FirstEnergy’s spokesperson, Tricia Ingraham, pointed to West Virginia’s support for maintaining coal generation, emphasizing that reducing coal-fired output for environmental reasons would be inconsistent with state energy policy. This scenario underscores the tension between federal climate goals and state-level policies, which can complicate the path to decarbonization.

Clean Energy Momentum and Barriers

Despite the challenges highlighted in the report, there are some positive trends in the U.S. power sector’s transition to clean energy. According to the U.S. Energy Information Administration (EIA), over 40% of U.S. electricity currently comes from carbon-free resources. These include renewables like wind and solar, as well as nuclear energy

US electricity generation by source 2023

This is also echoed by Sarah Durdaller, a spokesperson for the Edison Electric Institute. Durdaller emphasized that achieving the 2035 target will require collaboration between environmental groups, industry leaders, and government entities to overcome obstacles such as building transmission infrastructure.

Another study by the Pacific Northwest National Laboratory (PNNL) suggests that completing 12 high-voltage electric transmission projects in the US West could significantly cut carbon emissions, reducing power-sector emissions by 73% from 2005 levels by 2030.

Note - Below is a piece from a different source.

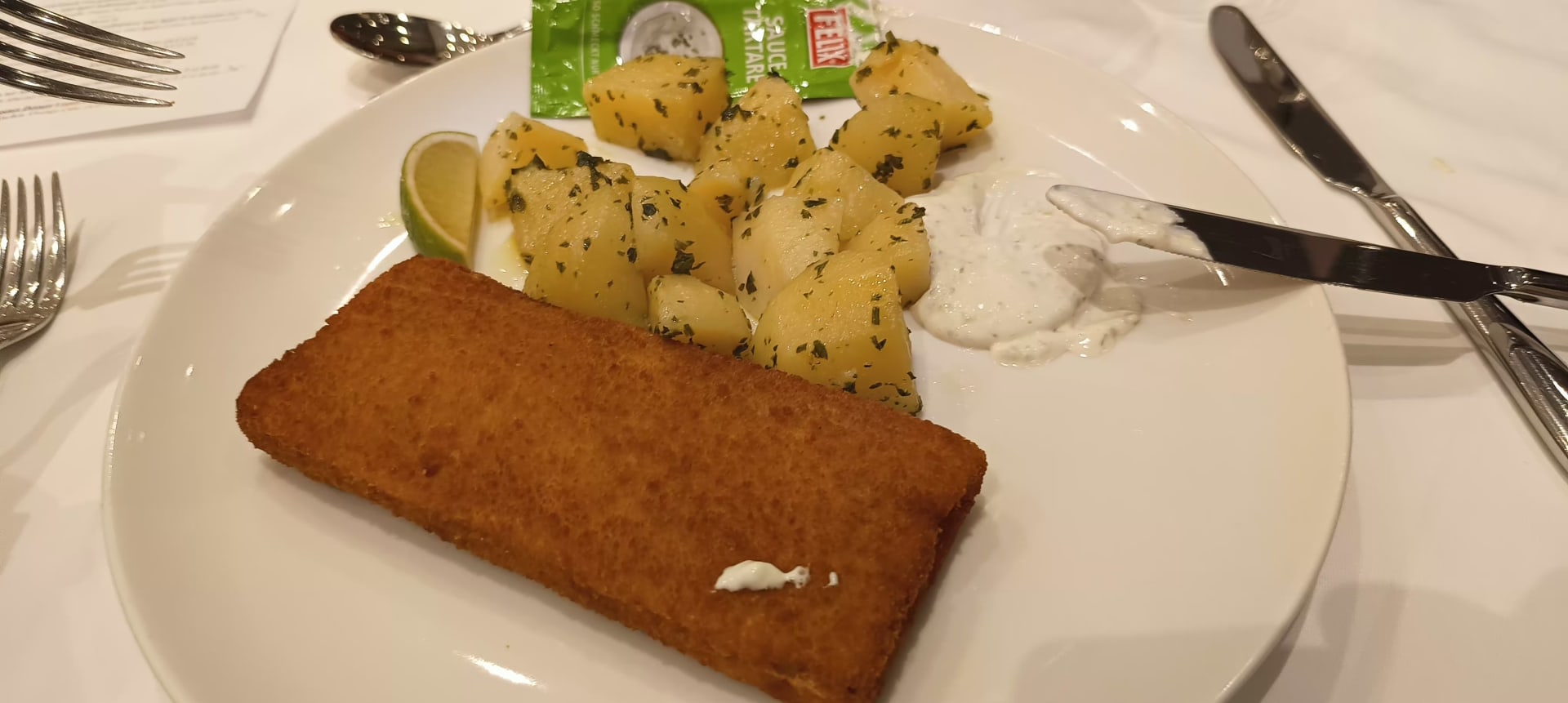 4-Sterne a La Cars: Hier gibt es den panierten Fisch schon mal frittiert mit Sauce aus der Plastiktüte! So etwas habe ich in Österreich noch nie erlebt. Das gibt's bei Strass zum 4-Sterne Preis genauso wie eine 0,5l-Apfelschorle für 7,- €.

The study emphasizes the importance of renewable energy and improved transmission infrastructure in achieving national climate targets, including President Biden’s goal of a 100% carbon-free power system by 2035. These projects are seen as vital for connecting renewable energy sources to the grid and accelerating the transition to a cleaner energy future.

  • Improving grid resilience and expanding transmission capacity are seen as essential steps in making the power sector more sustainable.

Rural Energy Revolution: Will Co-Ops Catch Up?

The report also turned its focus to electric cooperatives, which supply power to many rural communities across the United States. These cooperatives, many of which are still heavily reliant on fossil fuels, generally received low grades in the analysis. 

Still, the increase in renewable energy adoption among cooperatives is a sign that even these smaller players are beginning to embrace cleaner energy solutions.

The Sierra Club’s report highlights a significant disconnect between the U.S. utility sector’s current trajectory and the federal government’s 2035 decarbonization goals. While some progress has been made in adding renewable energy capacity, the planned expansion of natural gas generation poses a major hurdle to achieving a fully decarbonized power sector.

The study underscores the need for more ambitious actions and policies to steer utilities away from fossil fuel dependency and toward a cleaner, more sustainable America.